2 The Court notes that multiple documents in the record state that the initial date Jacquelyn L. claimed she became unable to work due to her disability was January 1, 2015. See AR 106, 145, 201, 251. But other documents and Jacquelyn L.’s own brief state that it was January 1, 2016. See AR 123; Doc. 16 at 1. The Court finds that this distinction is not important because Jacquelyn L. amended her alleged onset date to April 1, 2016. AR 220. On May 23, 2022, the court granted Jacquelyn L.’s motion to remand and denied the Commissioner’s motion to affirm. AR 1355. The court found that substantial evidence did not support the ALJ’s decision. AR 1350. Specifically, the court found that the ALJ did not adequately articulate reasons for giving Dr. Rao’s opinion little weight, did not sufficiently
explain her finding of Jacquelyn L.’s RFC, and misconstrued the timeline of Jacquelyn L.’s symptoms and treatment. AR 1351–55. Following the court’s remand, on February 23, 2023, the ALJ held another hearing on Jacquelyn L.’s claim. Jacquelyn L. and Lanelle Yamane testified at the hearing. AR 1262–1305. The ALJ issued her second written opinion on May 20, 2023. The ALJ again found that Jacquelyn L. was not disabled under §§ 216(i) and 223(d) of the Social Security Act. AR 1251. Jacquelyn L. submitted written exceptions to the ALJ’s opinion to the SSA Appeals Council, which again declined review of Jacquelyn L.’s claim on May 2, 2024. AR 1229-34. III. The ALJ’s May 2023 Decision To begin, the ALJ found that Jacquelyn L. met the insured status requirements of the
SSA and had not engaged in substantial gainful activity (“SGA”) during the period between April 1, 2016, and March 31, 2019. AR 1242. Then, the ALJ found that Jacquelyn L. had severe impairments of colon cancer and COPD, and non-severe impairments of hypertension, lung cancer, emphysema, osteopenia, deep vein thrombosis, iron deficiency, anemia, and acute cervical adenitis.
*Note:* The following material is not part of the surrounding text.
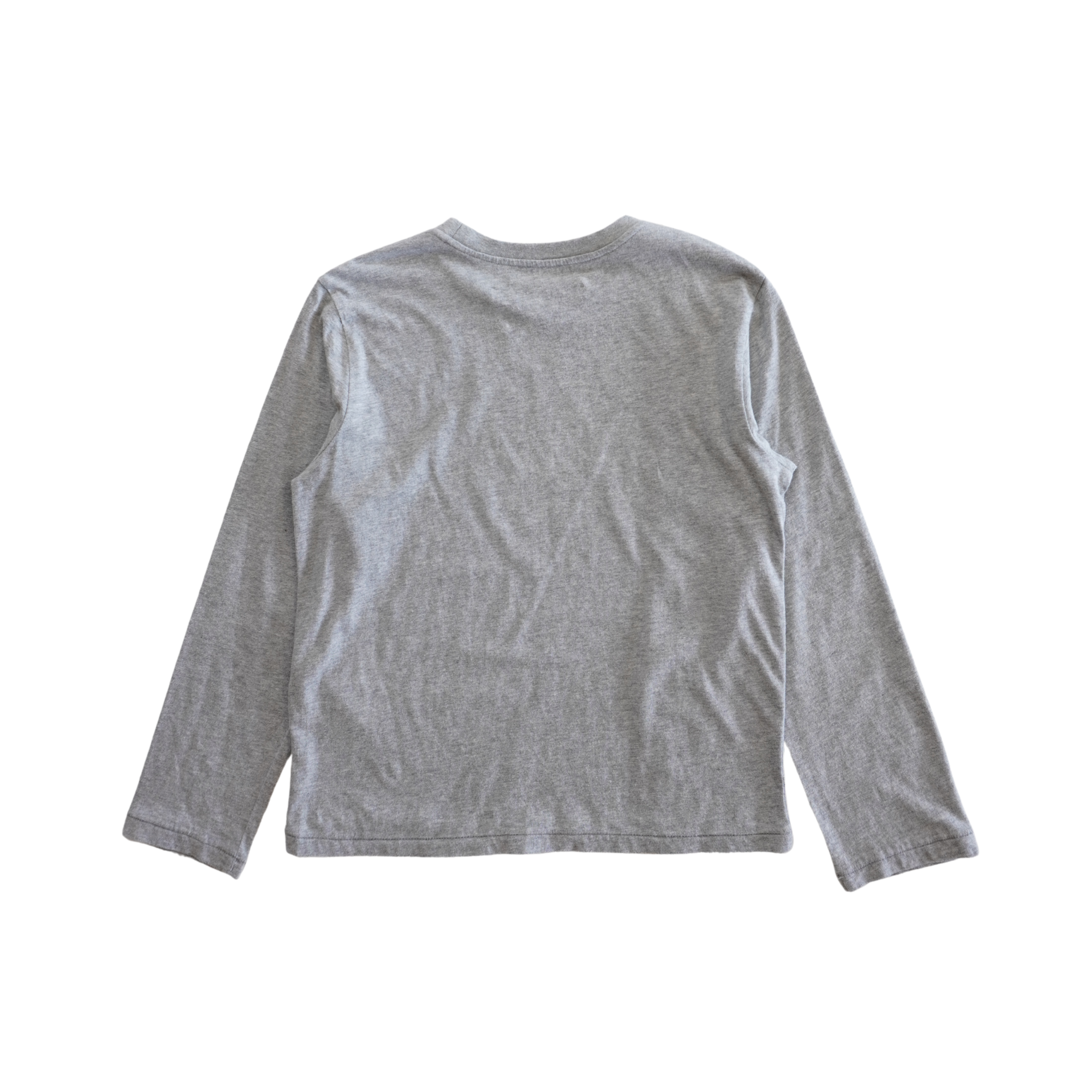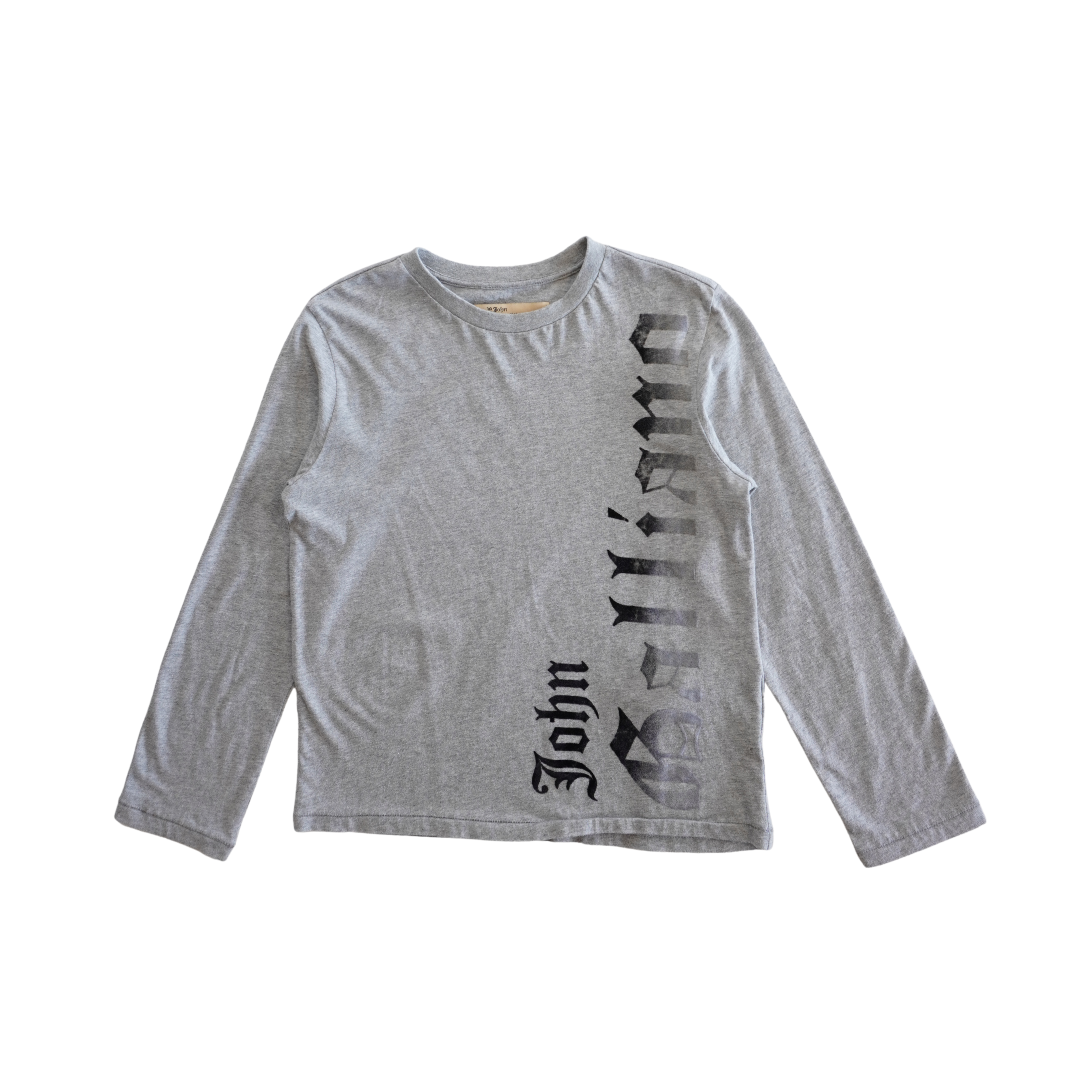 John Galliano long-sleeve t-shirt in grey heathered cotton with a black and grey faded velour logo graphic down the side.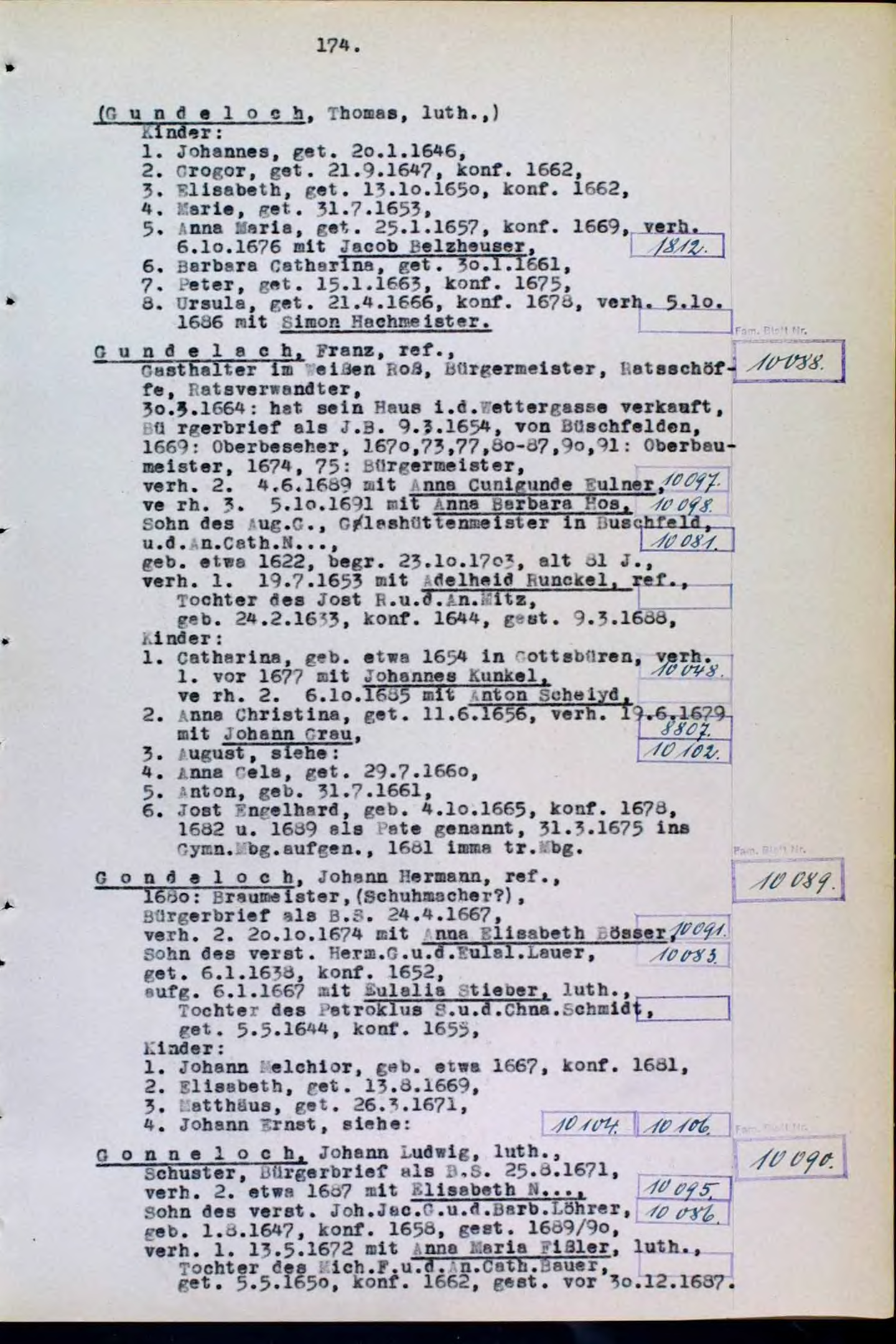 Info non-talk.svg Seit Fertigstellung des Marburger Sippenbuches 1950-1966 sind zahlreiche Ergänzungen und auch notwendige Korrekturen bekannt geworden. Zur aktuellen Seite existiert noch keine Ergänzunges- und Korrekturseite. Wenn Sie selbst Ergänzungen vornehmen möchten, wenden Sie sich bitte an Benutzer:Ernestus.

AR 1242–43. Further, the ALJ found that Jacquelyn L.’s depression was also non-severe because it “did not cause more than minimal limitation to the claimant’s ability to perform basic mental work activities.” AR 1243. Specifically, the ALJ evaluated the severity of Jacquelyn L.’s mental impairments using the four functional areas set forth in section 12.00 of the Listing of Impairments, i.e., the paragraph B criteria, finding that Jacquelyn L. had no limitations in the understanding, remembering, or applying information area and concentrating, persisting, or maintaining pace area, but had mild limitations in the interacting with others area and adapting or managing oneself area. AR 1243–44. The ALJ reasoned that most of Jacquelyn L.’s stress was “situational and stemmed from caring for her young granddaughter,” her medical
records indicated that Jacquelyn L.’s mental health medication was helpful, Jacquelyn L. was not on active medication or under the care of a psychiatrist, and she had engaged in some work activity in 2019. AR 1243. The ALJ also noted that her review of the paragraph B criteria was “not a residual functional capacity assessment but are used to rate the severity of mental impairments at steps 2 and 3” and that “[t]he following residual functional capacity assessment reflects the degree of limitation the undersigned has found in the ‘paragraph B’ mental function analysis.” AR 1244. Next, the ALJ found that Jacquelyn L. did not have any impairment or combination of impairments that met or equaled any of the listed impairments in 20 C.F.R. Par 404, Subpart P, Appendix 1. AR 1245. Further, after reviewing the record, the ALJ found that Jacquelyn L. had
the RFC to: [P]erform light work as defined in 20 C.F.R. 404.1567(b) except she can lift/carry 20 pounds occasionally and 10 pounds frequently; frequently operate foot controls bilaterally; frequently operate hand controls bilaterally; frequently handle, finger, and feel items bilaterally; occasionally climb ramps and stairs but never climb ladders, ropes, or scaffolds; occasionally work around moving mechanical parts; frequently operate a motor vehicle; and occasionally work in extreme cold or extreme heat.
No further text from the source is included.